Differences in wing size and shape determine the flight capabilities of waterfowl
By J. Michael Checkett
From the raw speed of canvasbacks to the limb-dodging acrobatics of wood ducks, the flight capabilities of waterfowl have long inspired awe among hunters. As with all birds, a duck’s flight characteristics are determined by the shape of its wings and the way it uses them. But biologists generally divide bird wings into four categories: slotted high-lift wings, elliptical wings, high aspect-ratio wings, and high-speed wings. Waterfowl are in the high-speed category, but there are differences among species that have this wing type.
All waterfowl species are suited to particular habitats, and it is easy to see how these varied environments, which present unique flight challenges, influenced wing evolution. Most puddle ducks frequent small marshes, sloughs, and flooded bottomlands. As a result, puddle ducks need large wings for fast takeoffs and twisting flight to dodge trees and other obstructions. But diving ducks frequent open lakes, rivers, and coastal bays, so they need wings built for flying at high speed over open water. Consequently, the wings of diving ducks need to be flatter than puddle duck wings, moderately long and narrow, and swept back like the wings of a fighter jet.

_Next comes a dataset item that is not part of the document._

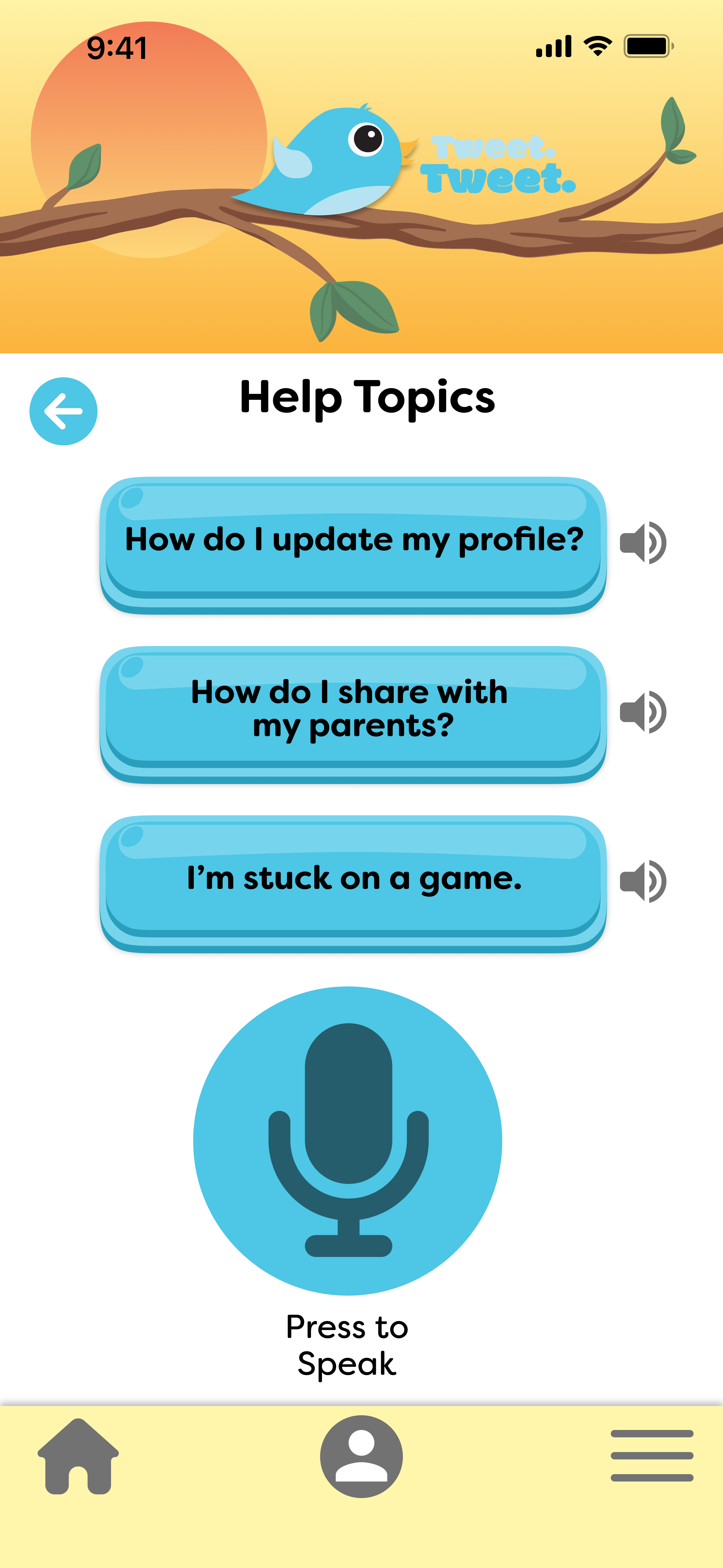 Knowing that not all of the users would be proficient readers I added in the option have any text spoken to them by pressing the talk button

Looking at how each part of a wing functions offers insight into the flight dynamics of waterfowl (see diagram on page 29). Primary flight feathers are rigid and provide thrust while flapping. Secondary flight feathers are shaped to give lift for gliding. The vanes of flight feathers have tiny hooks called barbules that zip together, giving the feathers the strength needed to form an airfoil. Wing coverts are softer than flight feathers and create a smooth surface for the air to flow over the wing, providing lift and keeping the bird flying efficiently. This feather arrangement gives a high-resistance down stroke and a low-resistance upstroke.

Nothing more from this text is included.